Here is some random code.
# create df
import pandas as pd
df2 = pd.DataFrame({'var1':['1_0','1_0','1_0','1_0','1_0'],
'var2':['X','y','a','a','a']})
df2.to_json('df2.json')
# import df
df2 = pd.read_json('df2.json')
df2
Code above would be expected to genereate:
var1 var2
0 1_0 X
1 1_0 y
2 1_0 a
3 1_0 a
4 1_0 a
However it generates:
var1 var2
0 10 X
1 10 y
2 10 a
3 10 a
4 10 a
If on the initial code, I modify a entry from [‘var1’], then the code it generates when df is imported is correct.

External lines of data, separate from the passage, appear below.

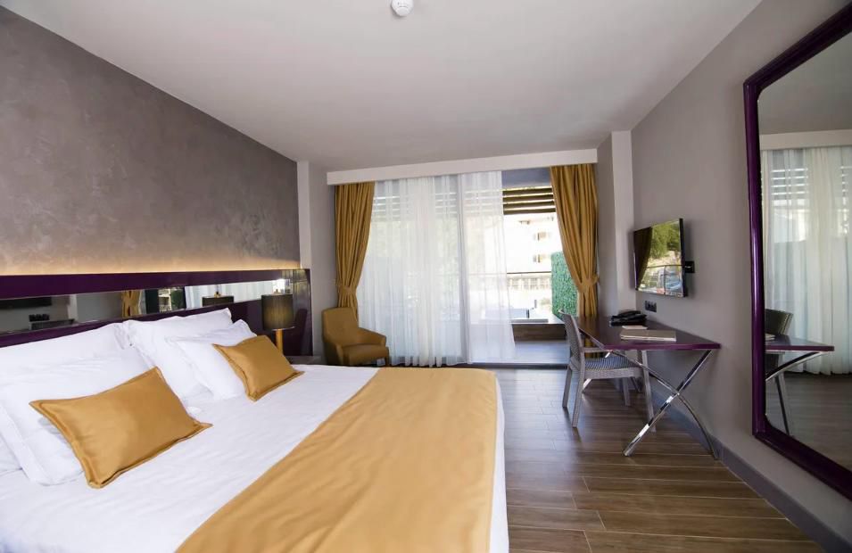 This hotel is located in the centre of İçmeler, the most beautiful town of Marmaris. It is 9 kilometres from Marmaris city centre and only 80 metres from the sea. Dalaman Airport is 90 kilometres away. The hotel has a total of 374 rooms and a bed capacity of 1,000. Within the hotel, you will find one main restaurant called Cave Wine and Dine, wireless internet, and four bars including Palm Bar, White Bar, Sunset Bar and Small Bites serving snacks. There are three pools for adults and three separate pools for children. The property also includes a car park, fitness centre, sauna, Turkish bath, mini club, children’s playground, lobby area, TV corner, table tennis, an amphitheatre, hairdresser and barber services, tattoo shop, beauty salon, jewellery shop and a photography service.
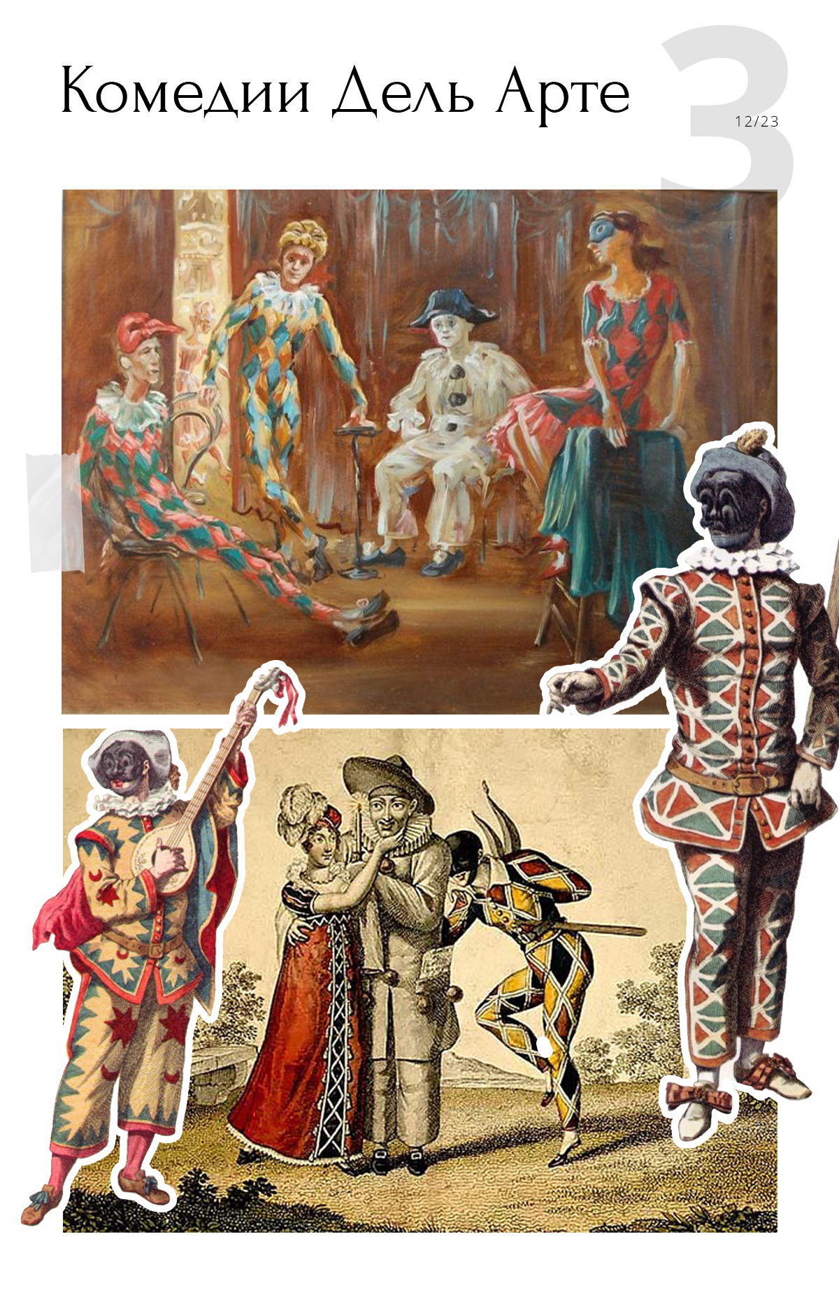 В XVI веке в Италии были популярны труппы бродячих артистов, которые играли комедии. Впоследствии их назвали Дель Арте. Их персонажи — Арлекин, Коломбина, Пульчинелла и другие — отличались особым характером, стилем поведения и манерой одеваться. Актеры выступали в масках, которые и сейчас надевают участники карнавала.
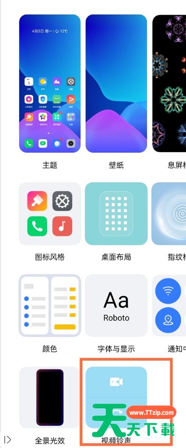 小伙伴们你们知道真我V13如何设置视频响铃呢?今天天天下载很乐意与大家分享真我V13设置视频响铃方法,感兴趣的可以来了解了解哦。真我V13如何设置视频响铃?真我V13设置视频响铃方法 1、打开手机设置,点击【个性化定制】。 2、点击【视频铃声】。 3、选择要设置的视频铃声,点击下载应用即可。 以上这里为各位分享了真我V13设置视频响铃方法。有需要的小伙伴赶快来看看本篇文章吧!@天天下载 除特别注明外,本站所有文章均为 天天下载 原创,转载请注明出处来自 https://www.ttzip.com/38793.html

Here is an example to illustrate it.
df2 = pd.DataFrame({'var1':['1_0','hello','1_0','1_0','1_0'],
'var2':['X','y','a','a','a']})
df2.to_json('df2.json')
# import df
df2 = pd.read_json('df2.json')
df2
var1 var2
0 1_0 X
1 hello y
2 1_0 a
3 1_0 a
4 1_0 a
Same problem is observed if file is saved in csv format and then imported.
Has anyone encountered the same issue?
>Solution :
This is due to the fact that underscores are valid separators in python (often used as thousand separator: 1_000 is 1000). You could force the dtype upon import (or use dtype=False):
df2 = pd.read_json('df2.json', dtype='str')
If you want to keep dtype detection for the other columns:
df2 = pd.read_json('df2.json', dtype={'var1': 'str'})
Output:
var1 var2
0 1_0 X
1 1_0 y
2 1_0 a
3 1_0 a
4 1_0 a
When you have a string in the json, there is no ambiguity that the values are not numbers and the conversion is not done.